Deborah Levy on the phantom of femininity

In this interview with Five Dials, Deborah Levy, discusses The Cost of Living, the next instalment in her trilogy of 'living autobiographies'

Deborah Levy

It is what we invest in our ancient and modern monsters – and how they speak back to us – that gives them their potency

Literature is a lens through which we come to understand ourselves – and the right sentence can break something open in its reader. Your own work is full of sentences that do that. Which books have done that for you? Which would you pass on to the next generation?

Thank you.
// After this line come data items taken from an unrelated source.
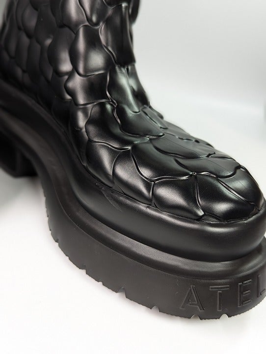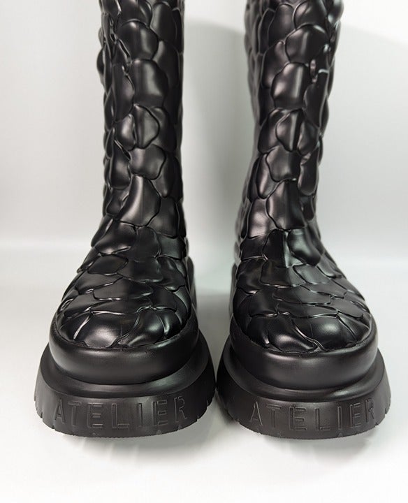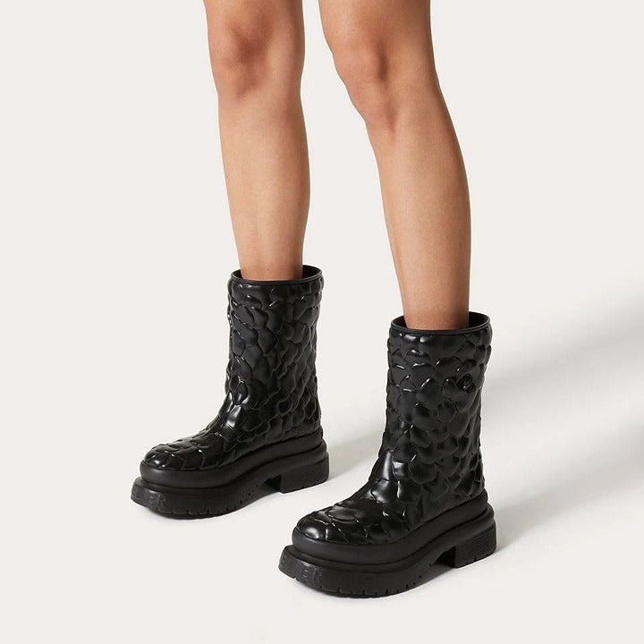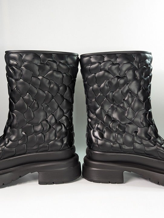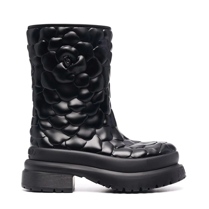 Crafted from black rubber with a 3D construction, these Atelier 03 Rose Edition boots from Valentino Garavani are adorned with a rose motif and detailed with a raised logo to the rear. Set atop a ridged rubber sole for added comfort.
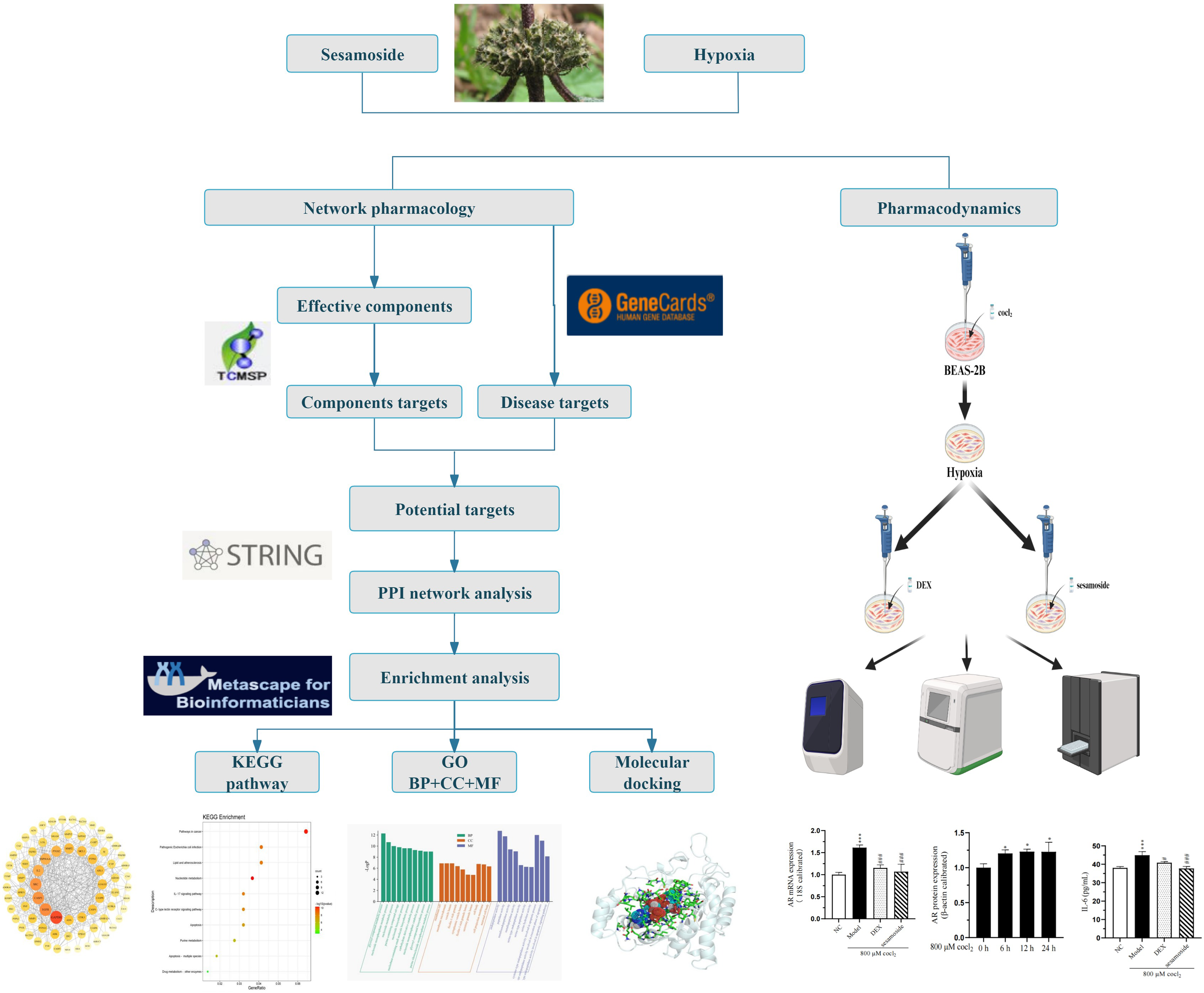 In conclusion, by constructing a network model, predicting and validating target interactions, and integrating multiple omics data, the targets, signaling pathways, and biological functions of sesame glycosides in combating high-altitude hypoxia were explored and predicted. Our study underscores the potential of sesamoside as a novel anti-hypoxic agent with pleiotropic effects. The identification of AR as a key target of sesamoside’s actions sheds light on the underlying mechanisms of its anti-hypoxic effects. Experimental validation confirmed that sesamoside significantly modulates AR expression and reduces inflammatory cytokines, thereby mitigating hypoxia-induced cellular damage. This work provides a comprehensive theoretical basis and experimental foundation for the potential application of sesamoside in the prevention and treatment of hypoxic diseases.
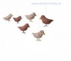 Ptáčci jsou dostupni ve 2 sadách. První sada obsahuje 3 pruhované ptáčky v červeno-krémové kombinaci o velikosti 8, 10 a 13 cm. Druhá sada obsahuje 3 červené ptáčky s krémovými tečkami o velikosti 8, 10 a 13 cm.
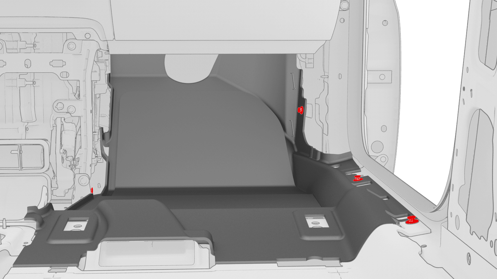 Release the clips that attach the RH front carpet to the body, and then remove the RH front carpet from the vehicle.
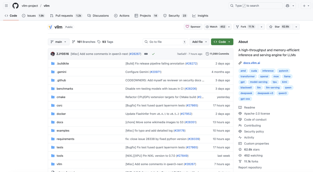 vLLM 是一个开源的大语言模型(LLM)推理与服务引擎,由 加州大学伯克利分校 Sky Computing Lab 发起开发,现已成为社区驱动项目,并被正式纳入 PyTorch 生态系统项目。
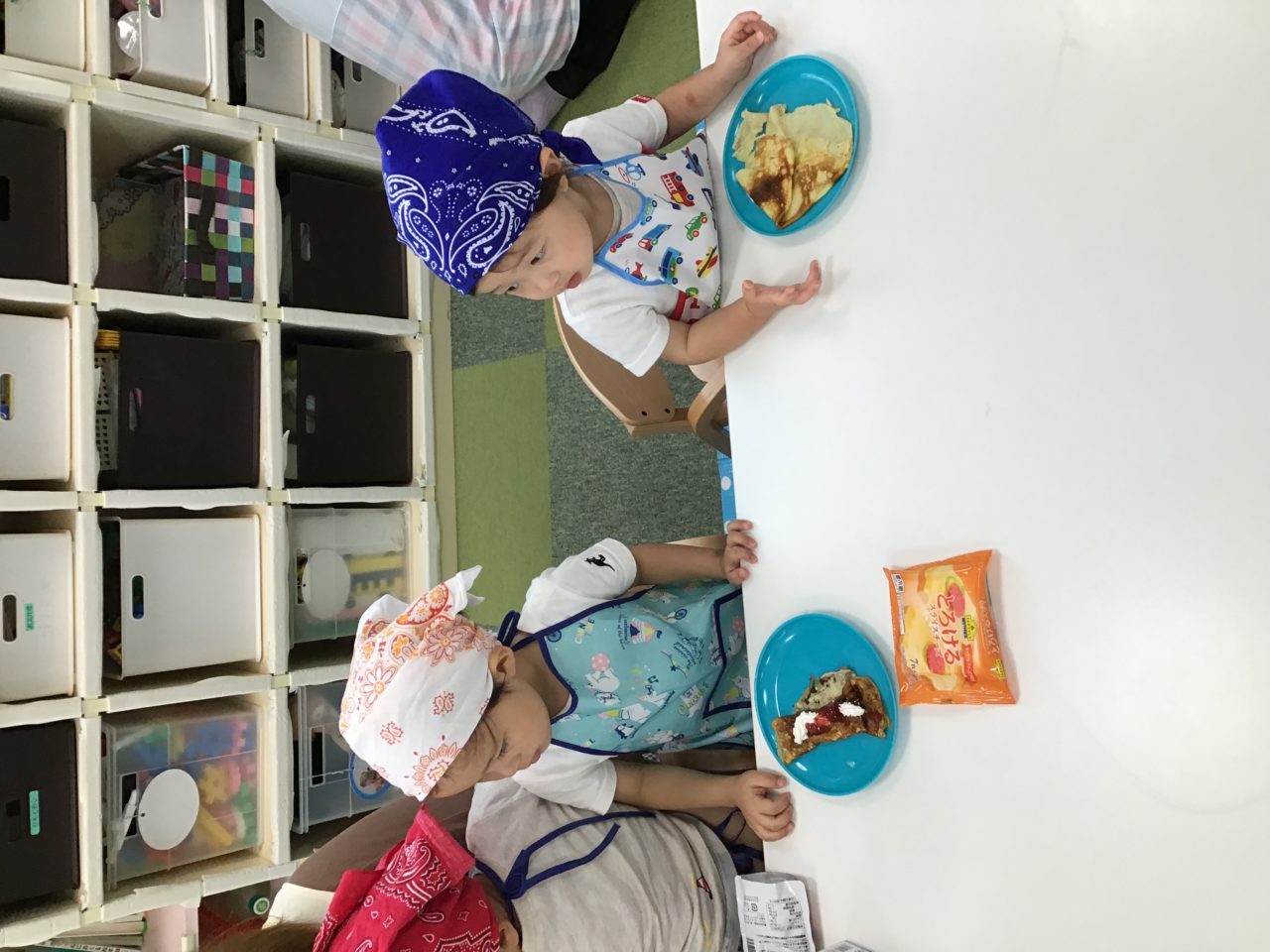 上手に手で持ってパクリと食べます?あったかい生地に冷たいクリームとフルーツ!勢いよく食べる子ども達?
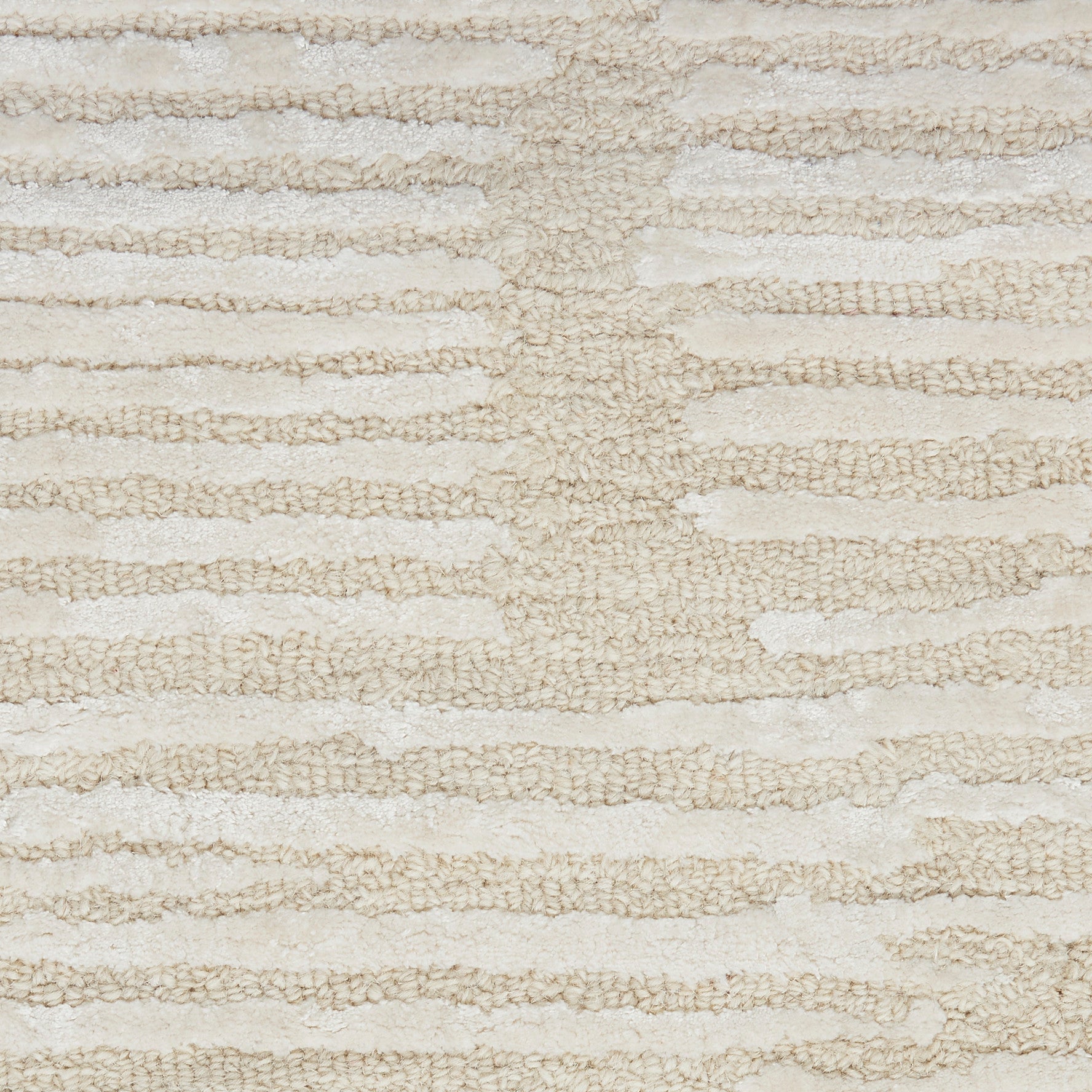 Textured, abstract, linear. This modern and neutral ivory rug from the Calvin Klein Linear Collection infuses distinctive energy into your space. Handmade from a blend of wool and silky Luxcelle in a high-low, cut and loop pile for added dimension.

All the same, I’d prefer the next generation to pass books on to me.

Finally, is there such thing as ‘female’ writing?

I don’t know about that. I mean, I really don’t. On this matter, here is a quote from The Cost of Living:

"Serenity is supposed to be one of the main characters in old-fashioned femininity’s cultural personality. She is serene and she endures. Yes, she is so talented at enduring and suffering they might even be the main characters in her story. There were not that many women I knew who wanted to put the phantom of femininity together again. What is a phantom anyway? The phantom of femininity is an illusion, a delusion, a societal hallucination. She is a very tricky character to play and it is a role (sacrifice, endurance, cheerful suffering) that has made some women go mad. This was not a story I wanted to hear all over again. It was time to find new main characters with other talents."